Task prompt
Where in the data below does the word "includes" appear? Copy each line that holds it.

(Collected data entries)
****
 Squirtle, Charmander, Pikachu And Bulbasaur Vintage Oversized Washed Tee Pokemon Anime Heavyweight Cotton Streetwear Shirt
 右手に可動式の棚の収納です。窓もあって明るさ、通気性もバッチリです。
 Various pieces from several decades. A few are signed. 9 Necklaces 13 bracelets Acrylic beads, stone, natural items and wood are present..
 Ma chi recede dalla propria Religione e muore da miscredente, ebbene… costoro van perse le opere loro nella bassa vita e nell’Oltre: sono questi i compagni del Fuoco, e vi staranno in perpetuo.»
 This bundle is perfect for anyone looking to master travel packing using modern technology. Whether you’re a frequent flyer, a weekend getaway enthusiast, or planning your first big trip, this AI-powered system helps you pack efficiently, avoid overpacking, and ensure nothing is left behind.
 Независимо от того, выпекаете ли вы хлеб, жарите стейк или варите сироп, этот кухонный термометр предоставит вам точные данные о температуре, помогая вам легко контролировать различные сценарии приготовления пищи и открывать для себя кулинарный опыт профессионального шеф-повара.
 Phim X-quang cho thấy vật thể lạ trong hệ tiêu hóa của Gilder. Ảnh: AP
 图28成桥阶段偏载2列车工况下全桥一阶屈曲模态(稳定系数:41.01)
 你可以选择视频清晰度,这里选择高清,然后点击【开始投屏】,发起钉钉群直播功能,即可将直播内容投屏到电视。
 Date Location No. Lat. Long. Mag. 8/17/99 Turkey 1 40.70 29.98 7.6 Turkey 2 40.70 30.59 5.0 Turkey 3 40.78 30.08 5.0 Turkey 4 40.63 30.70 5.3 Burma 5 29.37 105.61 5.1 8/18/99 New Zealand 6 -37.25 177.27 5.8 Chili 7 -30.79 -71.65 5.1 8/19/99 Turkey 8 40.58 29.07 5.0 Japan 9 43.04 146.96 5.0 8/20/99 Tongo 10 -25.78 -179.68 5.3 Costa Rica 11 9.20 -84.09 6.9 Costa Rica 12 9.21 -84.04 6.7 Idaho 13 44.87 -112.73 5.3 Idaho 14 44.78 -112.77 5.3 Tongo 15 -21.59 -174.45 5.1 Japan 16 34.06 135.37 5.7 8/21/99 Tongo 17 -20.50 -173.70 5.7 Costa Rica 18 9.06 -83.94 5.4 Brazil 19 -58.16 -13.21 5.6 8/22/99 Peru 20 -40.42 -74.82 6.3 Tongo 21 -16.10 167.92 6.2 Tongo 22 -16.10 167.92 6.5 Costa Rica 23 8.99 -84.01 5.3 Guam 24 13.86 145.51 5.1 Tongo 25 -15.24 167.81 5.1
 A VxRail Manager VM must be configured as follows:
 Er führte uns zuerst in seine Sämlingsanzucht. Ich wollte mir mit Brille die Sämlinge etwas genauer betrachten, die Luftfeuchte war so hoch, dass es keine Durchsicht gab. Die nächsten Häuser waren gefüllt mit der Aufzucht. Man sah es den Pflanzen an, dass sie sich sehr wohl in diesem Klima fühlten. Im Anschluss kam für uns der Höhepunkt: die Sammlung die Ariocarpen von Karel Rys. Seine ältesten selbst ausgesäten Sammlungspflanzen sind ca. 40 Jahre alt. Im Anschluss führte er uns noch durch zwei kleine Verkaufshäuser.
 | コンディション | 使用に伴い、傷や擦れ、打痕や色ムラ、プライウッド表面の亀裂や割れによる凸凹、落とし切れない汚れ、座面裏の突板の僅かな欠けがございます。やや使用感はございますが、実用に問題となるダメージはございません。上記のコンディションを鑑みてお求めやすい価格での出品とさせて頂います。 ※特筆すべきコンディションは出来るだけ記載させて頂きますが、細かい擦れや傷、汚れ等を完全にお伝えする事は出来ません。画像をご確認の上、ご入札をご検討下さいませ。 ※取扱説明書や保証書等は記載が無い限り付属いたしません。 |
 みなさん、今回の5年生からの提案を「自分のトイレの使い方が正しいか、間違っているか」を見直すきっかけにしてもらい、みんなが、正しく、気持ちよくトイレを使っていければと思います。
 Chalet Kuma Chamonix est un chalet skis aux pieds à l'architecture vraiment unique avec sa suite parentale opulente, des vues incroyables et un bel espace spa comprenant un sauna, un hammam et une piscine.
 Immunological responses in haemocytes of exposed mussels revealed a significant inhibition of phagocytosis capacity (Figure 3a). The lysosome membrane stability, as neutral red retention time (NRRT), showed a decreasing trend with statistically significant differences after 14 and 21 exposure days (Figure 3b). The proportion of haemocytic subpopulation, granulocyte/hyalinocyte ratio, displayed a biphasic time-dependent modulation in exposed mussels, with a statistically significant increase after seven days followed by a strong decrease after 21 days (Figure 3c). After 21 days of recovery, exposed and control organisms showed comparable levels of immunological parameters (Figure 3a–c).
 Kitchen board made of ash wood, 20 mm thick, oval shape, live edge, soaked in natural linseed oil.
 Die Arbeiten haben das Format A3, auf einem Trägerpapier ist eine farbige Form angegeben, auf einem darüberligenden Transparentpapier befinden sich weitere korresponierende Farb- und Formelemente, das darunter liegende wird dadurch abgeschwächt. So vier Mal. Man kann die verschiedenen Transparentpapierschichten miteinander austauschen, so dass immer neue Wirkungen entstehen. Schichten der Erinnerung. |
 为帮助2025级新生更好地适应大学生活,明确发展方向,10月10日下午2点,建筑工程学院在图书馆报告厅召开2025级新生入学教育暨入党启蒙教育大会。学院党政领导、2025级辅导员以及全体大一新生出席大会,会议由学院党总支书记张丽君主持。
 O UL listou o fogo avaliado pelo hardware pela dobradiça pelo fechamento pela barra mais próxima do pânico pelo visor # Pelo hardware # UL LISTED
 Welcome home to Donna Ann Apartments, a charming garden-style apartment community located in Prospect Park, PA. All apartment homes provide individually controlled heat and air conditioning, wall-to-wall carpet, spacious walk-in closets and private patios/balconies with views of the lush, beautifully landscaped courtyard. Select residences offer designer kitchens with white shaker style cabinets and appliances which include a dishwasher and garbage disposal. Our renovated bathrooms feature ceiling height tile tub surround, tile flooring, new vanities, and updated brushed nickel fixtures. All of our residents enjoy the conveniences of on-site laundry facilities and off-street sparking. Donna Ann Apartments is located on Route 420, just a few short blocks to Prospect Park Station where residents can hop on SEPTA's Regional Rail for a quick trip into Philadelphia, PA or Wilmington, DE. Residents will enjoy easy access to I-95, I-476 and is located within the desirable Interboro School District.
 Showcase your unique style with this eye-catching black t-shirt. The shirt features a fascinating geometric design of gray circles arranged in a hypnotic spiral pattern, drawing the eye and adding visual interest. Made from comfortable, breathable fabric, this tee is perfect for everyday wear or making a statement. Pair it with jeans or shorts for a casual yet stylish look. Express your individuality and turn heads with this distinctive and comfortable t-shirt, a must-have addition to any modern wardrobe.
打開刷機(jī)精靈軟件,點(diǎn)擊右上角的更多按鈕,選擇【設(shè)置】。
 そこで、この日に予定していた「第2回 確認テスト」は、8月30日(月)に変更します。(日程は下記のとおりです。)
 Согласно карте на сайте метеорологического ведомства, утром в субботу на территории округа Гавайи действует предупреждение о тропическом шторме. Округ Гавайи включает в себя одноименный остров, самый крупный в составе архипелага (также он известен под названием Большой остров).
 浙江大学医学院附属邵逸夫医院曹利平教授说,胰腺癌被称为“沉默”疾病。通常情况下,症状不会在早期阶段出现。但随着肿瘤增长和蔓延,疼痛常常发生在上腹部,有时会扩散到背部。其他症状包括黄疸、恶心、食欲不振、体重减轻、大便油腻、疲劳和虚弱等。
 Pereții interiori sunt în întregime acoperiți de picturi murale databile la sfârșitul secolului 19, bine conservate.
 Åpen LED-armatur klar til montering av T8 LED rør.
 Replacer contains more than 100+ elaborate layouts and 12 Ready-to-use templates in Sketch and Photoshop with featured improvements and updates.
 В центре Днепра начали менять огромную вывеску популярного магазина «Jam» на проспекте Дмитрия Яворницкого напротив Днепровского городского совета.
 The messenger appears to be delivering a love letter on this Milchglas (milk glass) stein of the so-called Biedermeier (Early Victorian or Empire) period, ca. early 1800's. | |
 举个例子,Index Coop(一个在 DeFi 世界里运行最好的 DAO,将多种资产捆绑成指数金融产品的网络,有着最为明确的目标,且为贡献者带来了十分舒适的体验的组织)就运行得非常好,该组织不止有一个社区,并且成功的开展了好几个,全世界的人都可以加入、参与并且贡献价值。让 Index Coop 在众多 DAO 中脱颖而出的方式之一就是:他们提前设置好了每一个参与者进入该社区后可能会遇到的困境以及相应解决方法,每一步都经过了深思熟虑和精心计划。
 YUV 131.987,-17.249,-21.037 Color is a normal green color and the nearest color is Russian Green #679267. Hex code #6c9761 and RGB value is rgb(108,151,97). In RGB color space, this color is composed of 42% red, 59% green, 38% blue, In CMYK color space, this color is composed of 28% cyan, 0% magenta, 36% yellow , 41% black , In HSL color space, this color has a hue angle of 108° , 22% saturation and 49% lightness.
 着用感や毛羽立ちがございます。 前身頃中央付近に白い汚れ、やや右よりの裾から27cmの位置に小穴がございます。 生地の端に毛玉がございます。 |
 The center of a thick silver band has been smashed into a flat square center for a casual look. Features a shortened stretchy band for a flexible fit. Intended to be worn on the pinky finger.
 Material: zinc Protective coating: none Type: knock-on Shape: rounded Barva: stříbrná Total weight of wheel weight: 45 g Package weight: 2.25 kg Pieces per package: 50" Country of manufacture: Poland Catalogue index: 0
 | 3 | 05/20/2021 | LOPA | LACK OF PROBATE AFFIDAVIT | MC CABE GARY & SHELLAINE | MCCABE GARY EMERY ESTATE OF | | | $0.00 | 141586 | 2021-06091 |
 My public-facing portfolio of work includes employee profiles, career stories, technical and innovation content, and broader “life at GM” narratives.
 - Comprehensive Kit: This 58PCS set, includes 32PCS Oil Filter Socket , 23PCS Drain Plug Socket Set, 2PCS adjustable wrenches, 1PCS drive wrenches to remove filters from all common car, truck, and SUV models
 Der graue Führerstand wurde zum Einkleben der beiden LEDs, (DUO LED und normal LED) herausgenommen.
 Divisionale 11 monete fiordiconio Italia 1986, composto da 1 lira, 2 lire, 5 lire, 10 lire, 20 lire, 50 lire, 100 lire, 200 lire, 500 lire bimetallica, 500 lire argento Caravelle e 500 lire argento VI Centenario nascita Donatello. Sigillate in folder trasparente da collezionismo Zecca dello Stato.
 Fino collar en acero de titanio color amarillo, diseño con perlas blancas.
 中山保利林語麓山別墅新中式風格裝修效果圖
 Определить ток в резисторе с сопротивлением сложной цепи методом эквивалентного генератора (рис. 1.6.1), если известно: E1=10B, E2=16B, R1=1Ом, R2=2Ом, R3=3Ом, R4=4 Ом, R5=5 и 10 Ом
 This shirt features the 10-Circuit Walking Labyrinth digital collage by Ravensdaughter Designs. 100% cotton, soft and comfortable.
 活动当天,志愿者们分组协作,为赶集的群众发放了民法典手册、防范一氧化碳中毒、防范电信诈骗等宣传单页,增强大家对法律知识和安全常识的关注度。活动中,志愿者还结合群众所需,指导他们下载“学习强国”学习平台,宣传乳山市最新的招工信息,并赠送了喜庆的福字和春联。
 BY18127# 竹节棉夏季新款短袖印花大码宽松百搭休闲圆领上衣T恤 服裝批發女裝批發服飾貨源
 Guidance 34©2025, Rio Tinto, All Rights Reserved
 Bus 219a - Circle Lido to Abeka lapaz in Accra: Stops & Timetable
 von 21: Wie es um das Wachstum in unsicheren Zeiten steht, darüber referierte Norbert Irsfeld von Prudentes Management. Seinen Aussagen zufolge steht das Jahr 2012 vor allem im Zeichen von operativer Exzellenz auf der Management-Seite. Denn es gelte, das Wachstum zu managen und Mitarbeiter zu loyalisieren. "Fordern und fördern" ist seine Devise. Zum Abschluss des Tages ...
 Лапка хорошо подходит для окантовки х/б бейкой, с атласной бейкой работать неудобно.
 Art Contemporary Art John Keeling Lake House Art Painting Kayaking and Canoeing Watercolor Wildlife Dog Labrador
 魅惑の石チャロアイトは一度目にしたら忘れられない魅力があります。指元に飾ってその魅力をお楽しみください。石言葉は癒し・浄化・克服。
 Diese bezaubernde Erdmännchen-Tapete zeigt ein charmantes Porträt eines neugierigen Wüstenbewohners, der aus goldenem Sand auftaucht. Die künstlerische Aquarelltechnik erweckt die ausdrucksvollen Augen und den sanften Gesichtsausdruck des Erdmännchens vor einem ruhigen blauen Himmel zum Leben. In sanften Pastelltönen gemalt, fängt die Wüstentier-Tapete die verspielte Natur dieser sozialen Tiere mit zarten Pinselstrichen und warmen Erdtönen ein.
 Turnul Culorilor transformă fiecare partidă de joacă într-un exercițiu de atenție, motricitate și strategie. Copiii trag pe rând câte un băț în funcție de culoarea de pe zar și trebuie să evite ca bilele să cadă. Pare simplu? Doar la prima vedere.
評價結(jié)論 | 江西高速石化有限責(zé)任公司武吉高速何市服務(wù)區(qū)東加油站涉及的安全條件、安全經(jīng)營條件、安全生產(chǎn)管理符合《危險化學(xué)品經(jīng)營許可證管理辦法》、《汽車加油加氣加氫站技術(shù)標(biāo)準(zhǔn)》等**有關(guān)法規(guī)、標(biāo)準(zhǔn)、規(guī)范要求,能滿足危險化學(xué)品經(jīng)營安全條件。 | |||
****
Solution
 My public-facing portfolio of work includes employee profiles, career stories, technical and innovation content, and broader “life at GM” narratives.
 - Comprehensive Kit: This 58PCS set, includes 32PCS Oil Filter Socket , 23PCS Drain Plug Socket Set, 2PCS adjustable wrenches, 1PCS drive wrenches to remove filters from all common car, truck, and SUV models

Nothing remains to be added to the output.